Present crop, meaning the crop currently in the minors? Max Stassi looks to have advanced GC chops; Jorge Alfaro (only 17 years-old) has a legit 7 arm and can already pop in the 1.9 range; Justin O'Conner has the skills (arm/feet) to become a plus defender; Tony Sanchez will develop into an above-average catcher at the major league level (defensively speaking); Salvador Perez's defense doesn't receive enough credit. I really like his chops behind the plate.

At the major league level, I have a soft spot for Matt Wieters. I love watching him behind the plate.
If you were running the Orioles and the Rangers offered Alfaro for Wieters, would you

A) Immediately Accept
B) Immediately Accept and throw in Machado just to be safe
I have a question about pop times. Two-tenths of a second from, say, a plus time of 1.85 seconds to an apparently slower-than-average time of 2.05 seconds points towards a ... very high level of confidence in the human thumb. If I recall correctly, the conversion for manual timing to a speculative electronic timing for sprint events in track and field is .24 seconds, for instance.

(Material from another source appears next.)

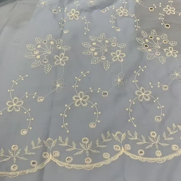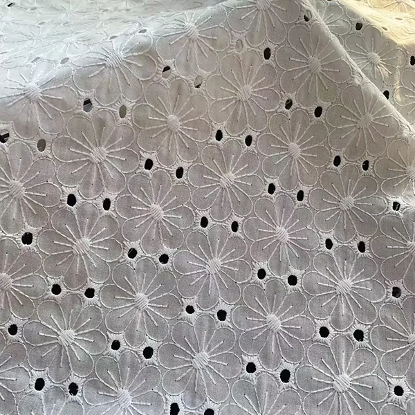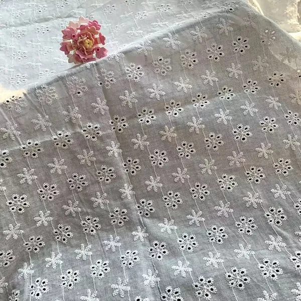 Tecido de bordado de renda de algodão branco para vestir este elegante tecido de renda apresenta bordados delicados e cortes de ilhós, criando um material respirável e leve perfeito para vestidos, blusas e desgaste de noivas. Os intrincados padrões florais e as bordas recortadas adicionam um charme romântico e vintage, enquanto o algodão natural garante suavidade e conforto.

Is this the kind of measure that scouts gain certainty of through volume? How many times do you need to see a catcher do this in order to think you've got it right?
As with any time you record, you want to collect enough data to find the certainty you speak of. Normally, I throw out the fastest/slowest times, just like with velocity readings on a gun. The more readings you can collect, the more confidence you will have in the consensus.
An article on Wieters on the Baltimore Sun site today says his release time is 1.8.
Loved the article Jason. Can't wait for the additional pieces.
Drift is never something you hear about in minor league catching prospects. It seem that the marginal catcher prospects (marginal as catchers, not as hitters) like Montero are "not catchers" because they have a slow release or lack the fluidity you long for or can't call a game. Are there any examples that come to mind of high-minors catching prospects who have failed to improve on this area and will be moved for that reason?
Great sentence: "I will not conclude that the intangible aspects of the relationship are insignificant based on insufficient evidence"

Intangibles cannot be measured well by current statistical tools. It does not mean they don't exist.
I've sometimes wondered that with a veteran pitcher who already knows how he wants to pitch to each hitter, if it would be better for the catcher to just forgo giving signals altogether. Just set the glove in the middle of the strike zone and let the pitcher throw whatever pitch at whatever location he pleases. That way there are no issues with the pitcher and catcher having to agree on the pitch. The pitcher gets the ball and pitches it. Seems like it would be a great way for a pitcher to get into a rythmn since he doesn't have to wait for the catcher to signal the desired pitch.